* [What the task asks]
Transcribe all records below exactly, without images.

[Recorded data]
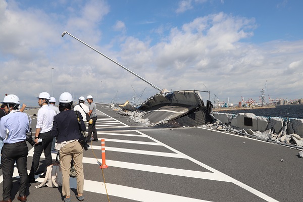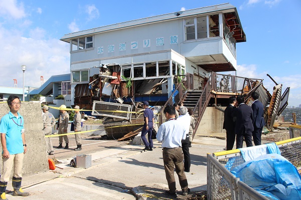 9月12日(木)、赤羽大臣は、9月8日から9月9日未明にかけて関東地方に上陸した台風15号による被災状況を確認するため、横浜港の本牧海づり施設、南本牧はま道路を視察いたしました。
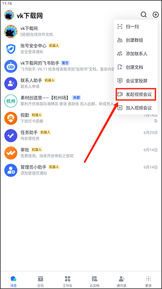 2、打开后,选择【发起视频会议】,点击打开。
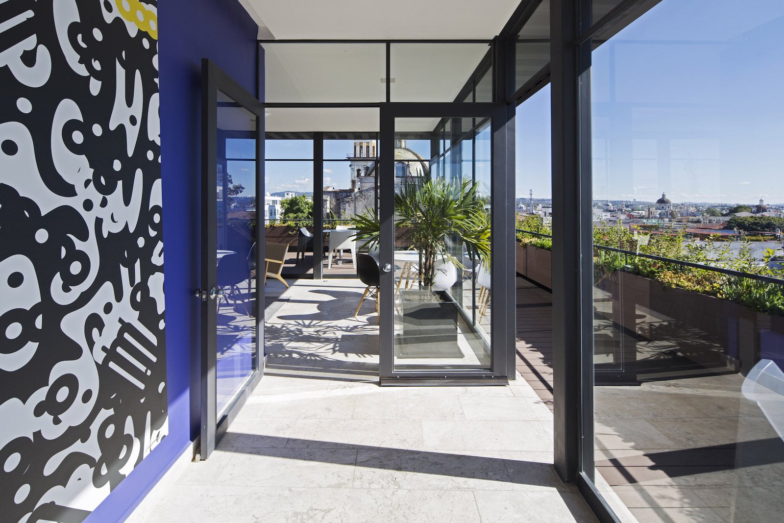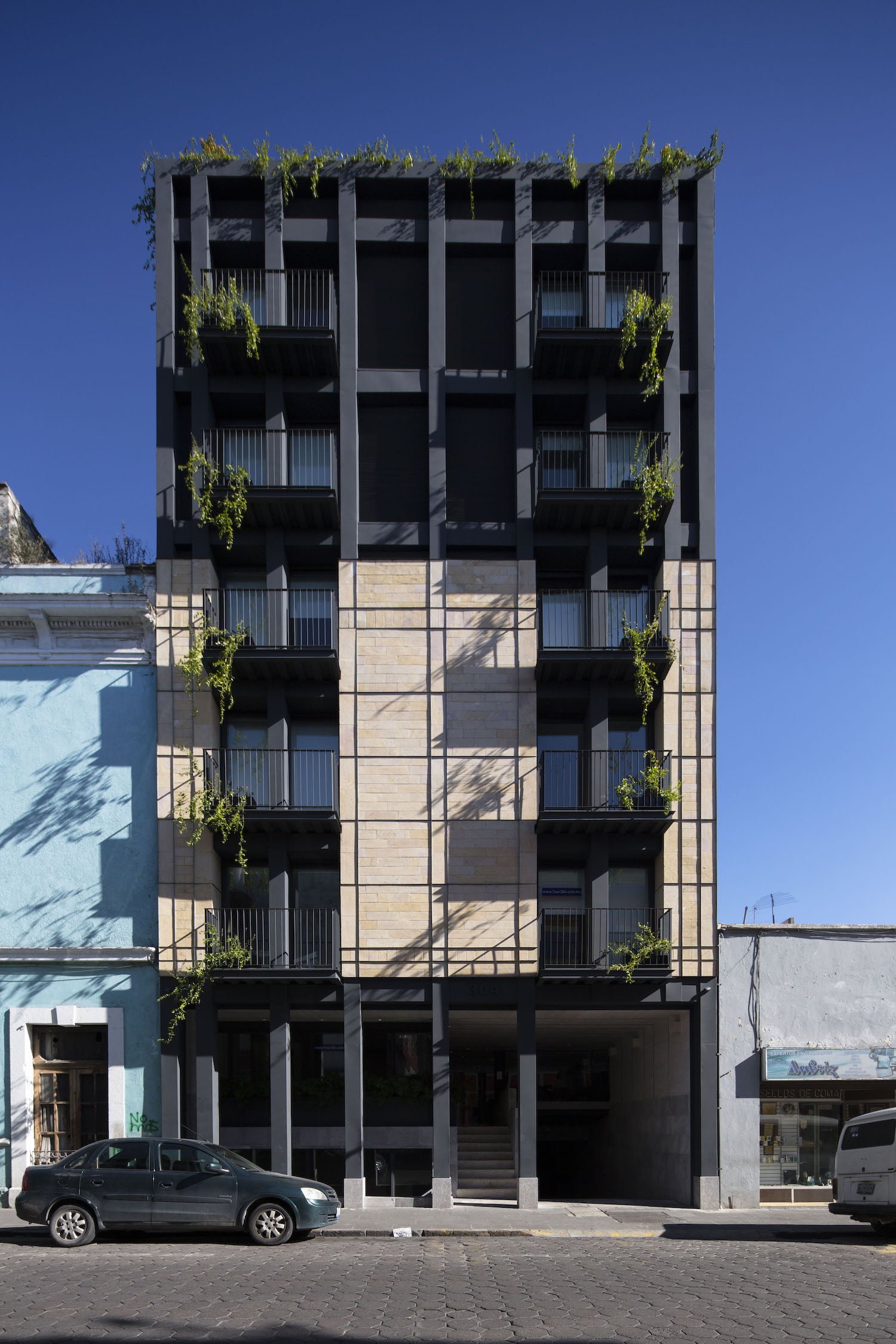 Teniendo clara la importancia del patrimonio arquitectónico de la ciudad de Puebla, la propuesta busca rescatar y reincorporar a la actividad urbana este edificio subutilizado y deteriorado construido en 1972. Las proporciones del edificio histórico preexistentes son respetadas propiciando la integración con su entorno desde su fachada. Los pórticos generan acceso a los locales comerciales ubicados en la planta baja, además de permitir conexión directa con la calle y lo pétreo en su fachada genera continuidad de manera visual con el edificio contiguo en busca de armonía.
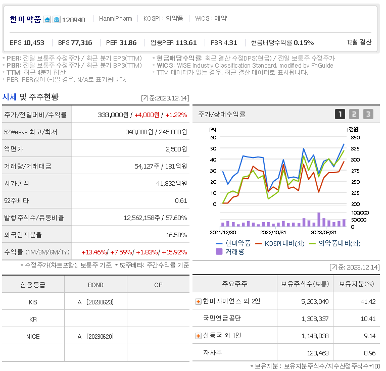 한미약품 현재 주가는 333,000원이며 전일 대비 원의 모습을 보이고 있습니다. 한미약품의 주주현황을 살펴보면 한미사이언스(외 2인)이 지분 41.42%를 소유하고 있습니다. 한미약품는 제약 기업으로 장중 기준으로 주가는 333,000원 입니다. 한미약품의 시가 총액은 4조1267억 원이며 발행 주식수는 16.50주 입니다.
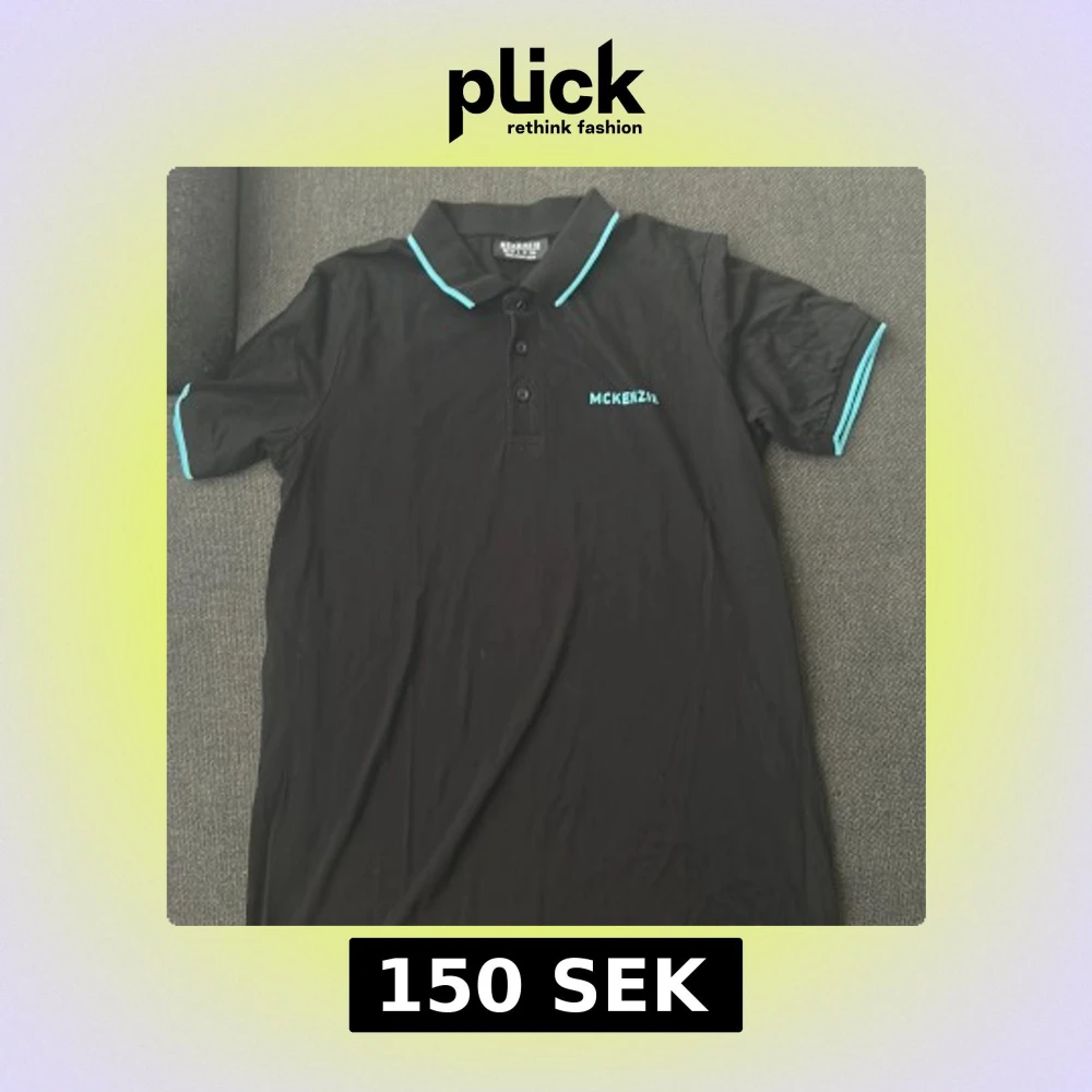 En svart skjorta med blåa mckenzie färg perfekt till fester familje träffar födelsedag och allt annat i storlek S
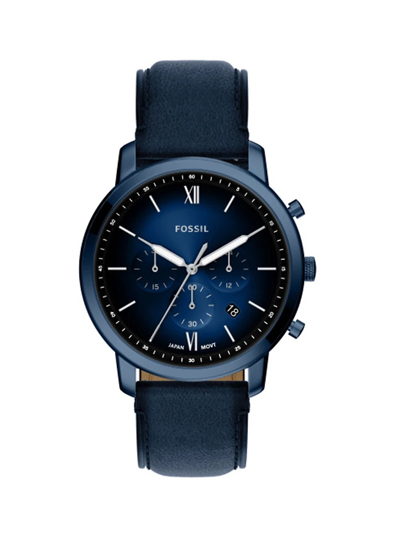 DESCRIPTION - Mouvement : Chronographe à quartz - Taille du boîtier: 44 mm - Largeur du bracelet : 22 mm - Résistance à l'eau : 5 ATM - Couleur du boîtier : Marine - Couleur du cadran : Marine - Couleur du bracelet : Marine MATÉRIEL Acier inoxydable et Cuir
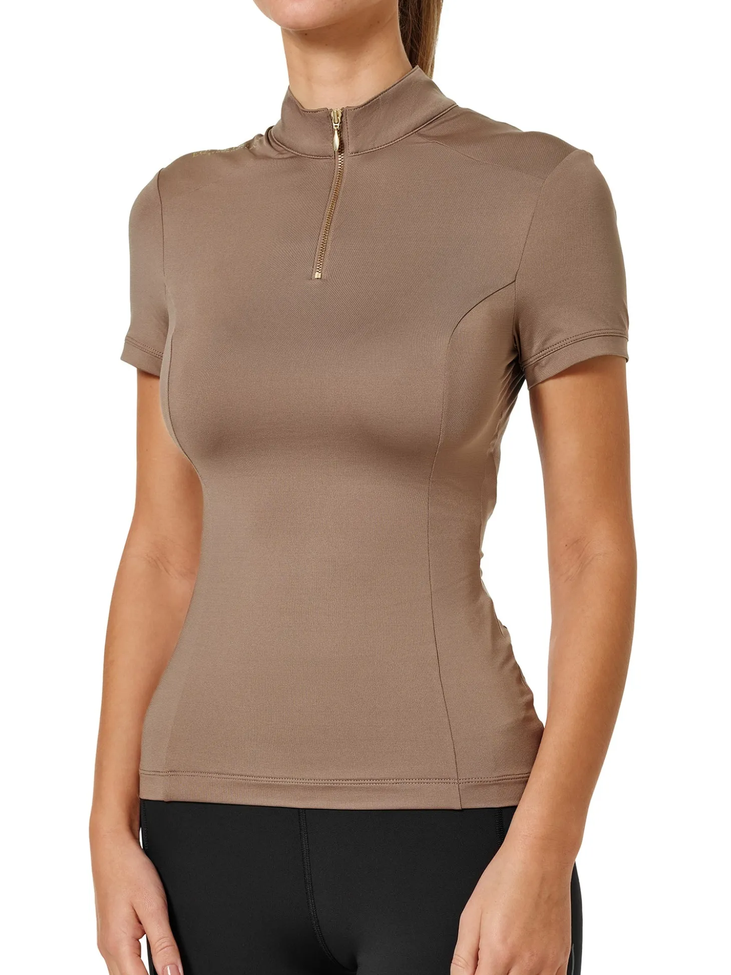 Dieses ultimative Reittop ist in einem eleganten beige/braunen Design mit einem goldenen Reißverschluss auf der Vorderseite entworfen. Es besteht aus einem atmungsaktiven Mesh-Einsatz und ultradünnem Material, das atmungsaktiv ist und einen kühlenden Effekt hat.

* [Output of the task]
 9月12日(木)、赤羽大臣は、9月8日から9月9日未明にかけて関東地方に上陸した台風15号による被災状況を確認するため、横浜港の本牧海づり施設、南本牧はま道路を視察いたしました。
 2、打开后,选择【发起视频会议】,点击打开。
 Teniendo clara la importancia del patrimonio arquitectónico de la ciudad de Puebla, la propuesta busca rescatar y reincorporar a la actividad urbana este edificio subutilizado y deteriorado construido en 1972. Las proporciones del edificio histórico preexistentes son respetadas propiciando la integración con su entorno desde su fachada. Los pórticos generan acceso a los locales comerciales ubicados en la planta baja, además de permitir conexión directa con la calle y lo pétreo en su fachada genera continuidad de manera visual con el edificio contiguo en busca de armonía.
 한미약품 현재 주가는 333,000원이며 전일 대비 원의 모습을 보이고 있습니다. 한미약품의 주주현황을 살펴보면 한미사이언스(외 2인)이 지분 41.42%를 소유하고 있습니다. 한미약품는 제약 기업으로 장중 기준으로 주가는 333,000원 입니다. 한미약품의 시가 총액은 4조1267억 원이며 발행 주식수는 16.50주 입니다.
 En svart skjorta med blåa mckenzie färg perfekt till fester familje träffar födelsedag och allt annat i storlek S
 DESCRIPTION - Mouvement : Chronographe à quartz - Taille du boîtier: 44 mm - Largeur du bracelet : 22 mm - Résistance à l'eau : 5 ATM - Couleur du boîtier : Marine - Couleur du cadran : Marine - Couleur du bracelet : Marine MATÉRIEL Acier inoxydable et Cuir
 Dieses ultimative Reittop ist in einem eleganten beige/braunen Design mit einem goldenen Reißverschluss auf der Vorderseite entworfen. Es besteht aus einem atmungsaktiven Mesh-Einsatz und ultradünnem Material, das atmungsaktiv ist und einen kühlenden Effekt hat.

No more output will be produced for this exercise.